Progesterone in MHT for Protection Against Endometrial Cancer

The debate over progesterone’s role in menopausal hormone therapy (MHT) intensified after the Women’s Health Initiative linked combined estrogen‑progestin regimens to higher breast‑cancer rates. In response, clinicians turned to oral micronized progesterone, assuming a safer profile. However, the large French E3N observational cohort, tracking over 80,000 postmenopausal women for an average of eight years, reported a neutral breast‑cancer risk but a striking 2.7‑fold rise in endometrial cancer for users on progesterone‑based MHT beyond five years. This translates a baseline lifetime risk of roughly 3% to 6‑8%, a shift that matters at a population level.

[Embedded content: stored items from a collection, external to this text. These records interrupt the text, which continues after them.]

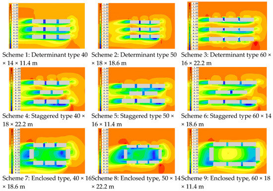 Figure 5 presents the CFD-simulated wind flow patterns under nine orthogonal design schemes, including determinant, staggered, and enclosed layouts with varying building dimensions. The comparative visualization of airflow distribution allows for intuitive evaluation of how different morphological parameters affect the near-ground wind environment. This figure serves as a key reference for supporting the analysis of wind environment characteristics across the tested configurations.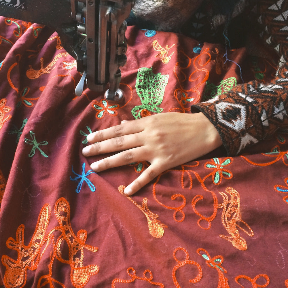 Embroidery is created stitch by stitch, often in community settings or from artisans’ homes.
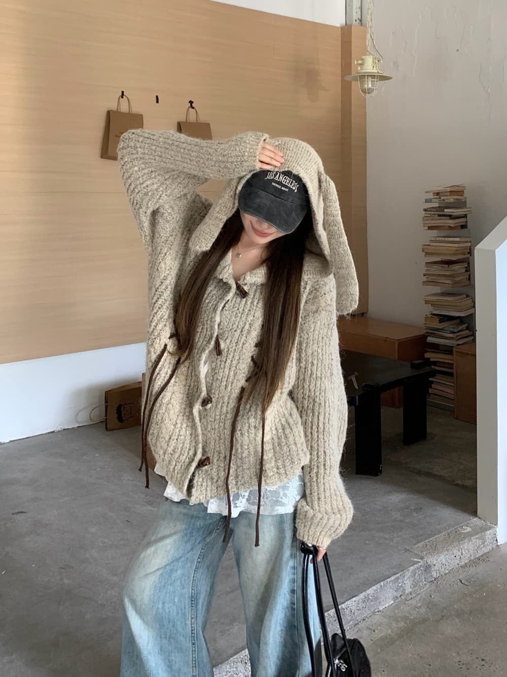 おしゃれで遊び心満載のうさみみニットカーディガン。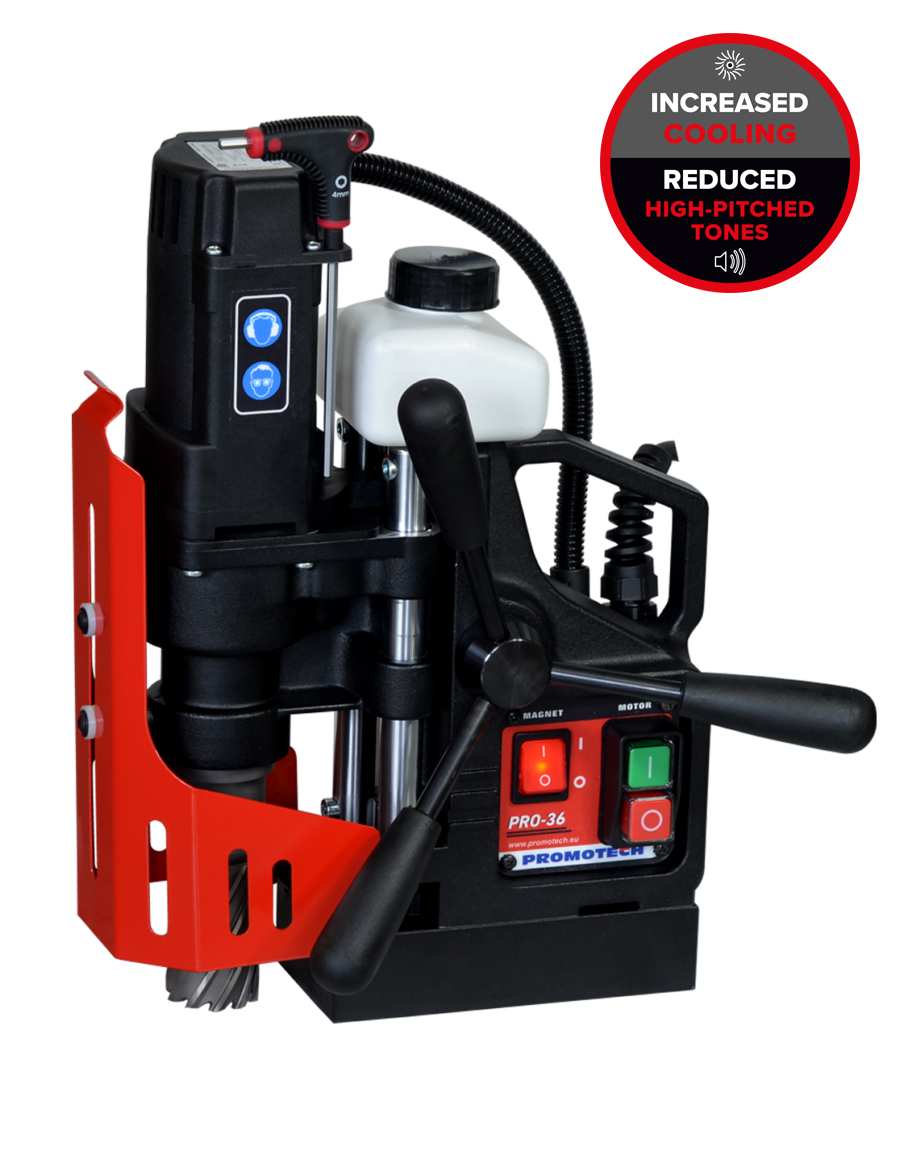 La PRO 36 está equipada con la base electromagnética de última generación con sistema de control de forma de campo magnético (MFSC) y módulo de control de adhesión de potencia magnético (MPAC), que detecta la fuerza adhesiva de la base electromagnética y protege tanto al operario como a la máquina cuando se taladran piezas muy finas.

Randomized clinical trials provide a contrasting view for short‑term use. The 1995 PEPI trial and the FDA‑registered Prometrium study demonstrated that adding progesterone to estrogen dramatically reduced endometrial hyperplasia, with rates under 1% in the progesterone arms compared with 64% for estrogen alone. More recent data from the Bijuva combination product, involving 1,835 women over a year, confirmed similarly low hyperplasia incidences (≈0.35%). Yet these studies rarely exceed three years, leaving a data gap for the longer durations common in real‑world practice. Moreover, many of the older trials used sequential dosing (12‑14 days per month), which may permit endometrial rebound and could explain the higher cancer signal seen in the E3N cohort.

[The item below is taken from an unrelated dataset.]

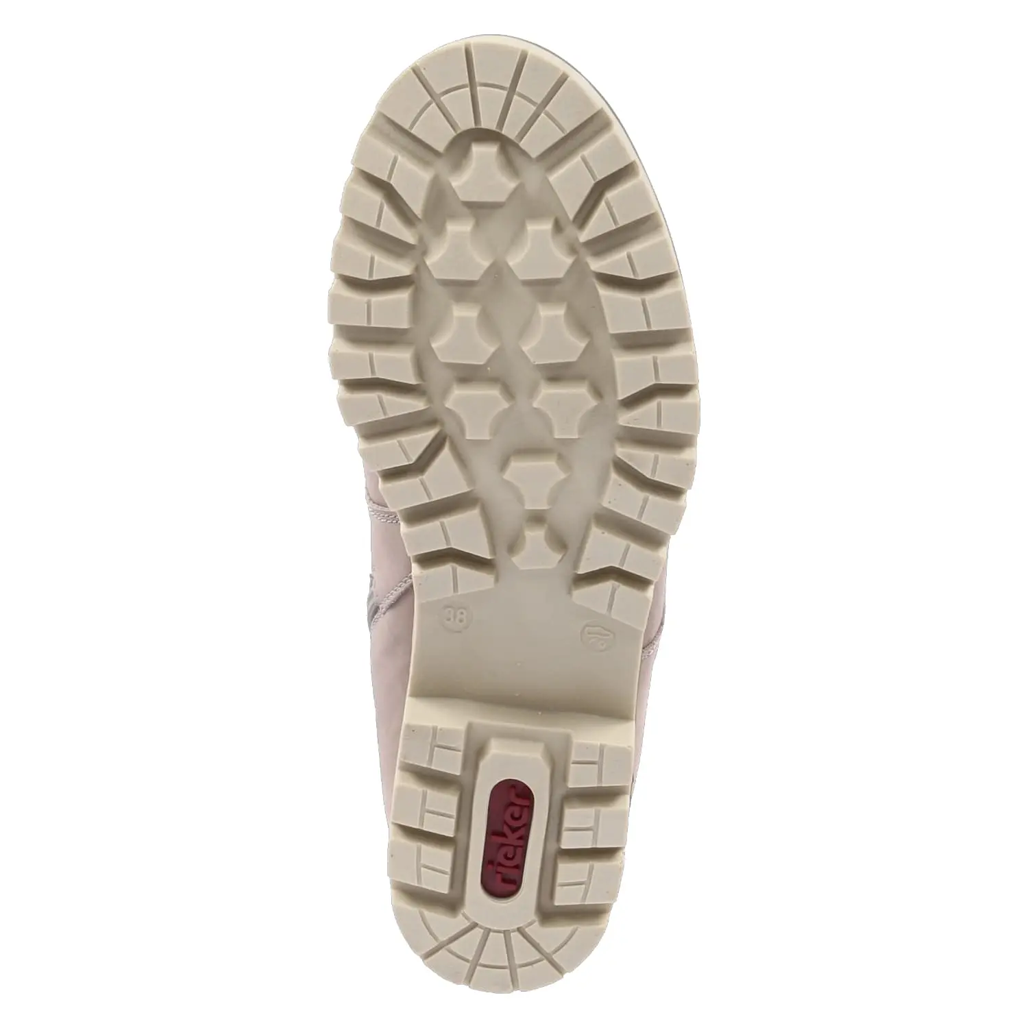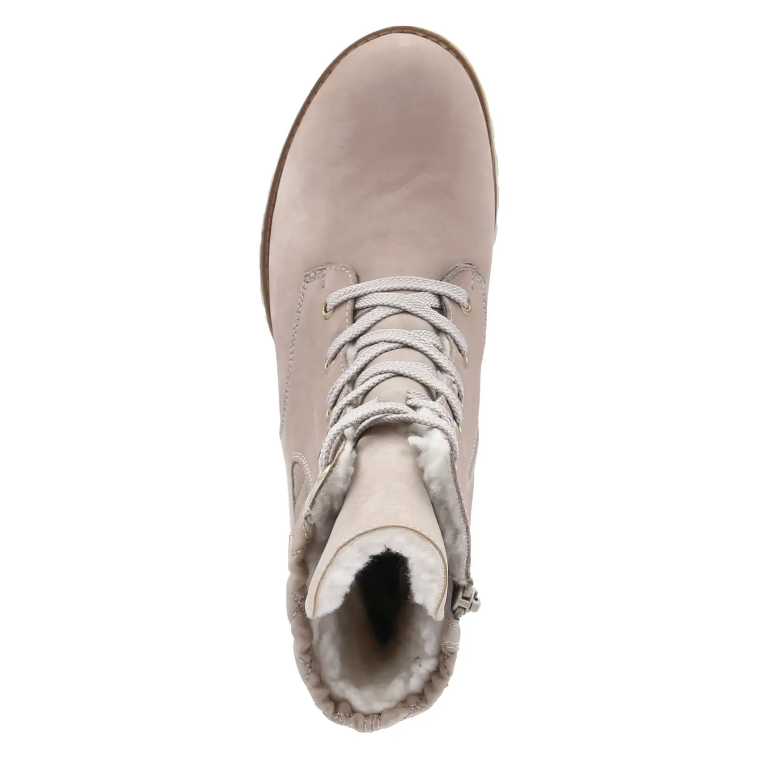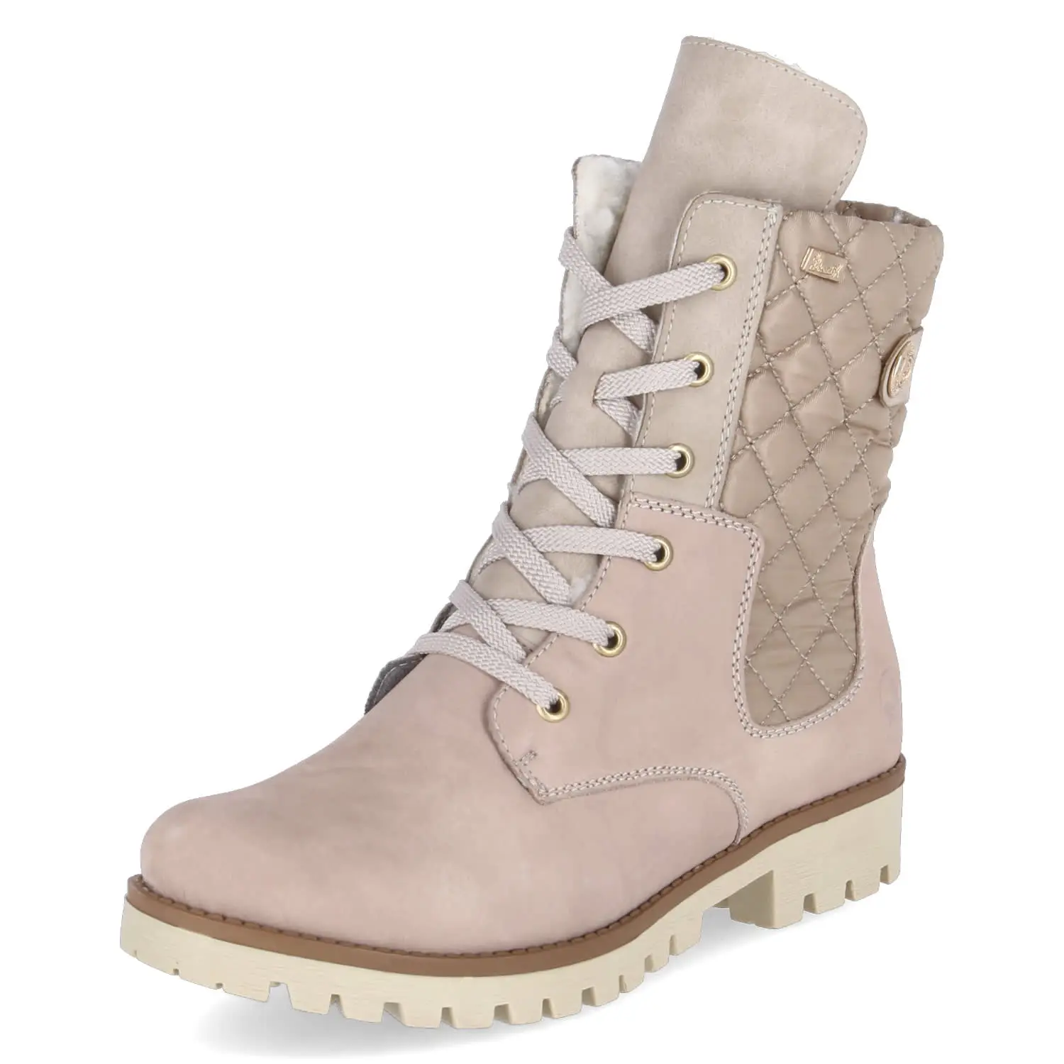 Rieker Damen Schnürboots/ Winter-Stiefeletten Beige Textil-Synthetik-Mix – Farbe kann, je nach Beleuchtung Rosa wirken – wasserfest, atmungsaktiv – Schnürung und Reißverschluss – weicher Schaft mit Karosteppung und Zierriemen – verstärkte Ferse – rutschhemmende Profilsohle – warmes Teddyfutter

Clinicians now face a nuanced decision matrix. For patients on higher estrogen doses (e.g., 75‑100 µg patches), the protective effect of standard‑dose progesterone may be insufficient, prompting consideration of higher progesterone amounts or a switch to a progestin with more consistent bioavailability. Ongoing research, such as the PROBES trial comparing oral estradiol with either 100 mg progesterone or 0.5 mg norethindrone, aims to clarify both breast and endometrial safety over longer periods. Until those results emerge, best practice includes regular endometrial surveillance, adherence counseling, and individualized risk assessment that weighs breast‑cancer concerns against the potential for endometrial malignancy.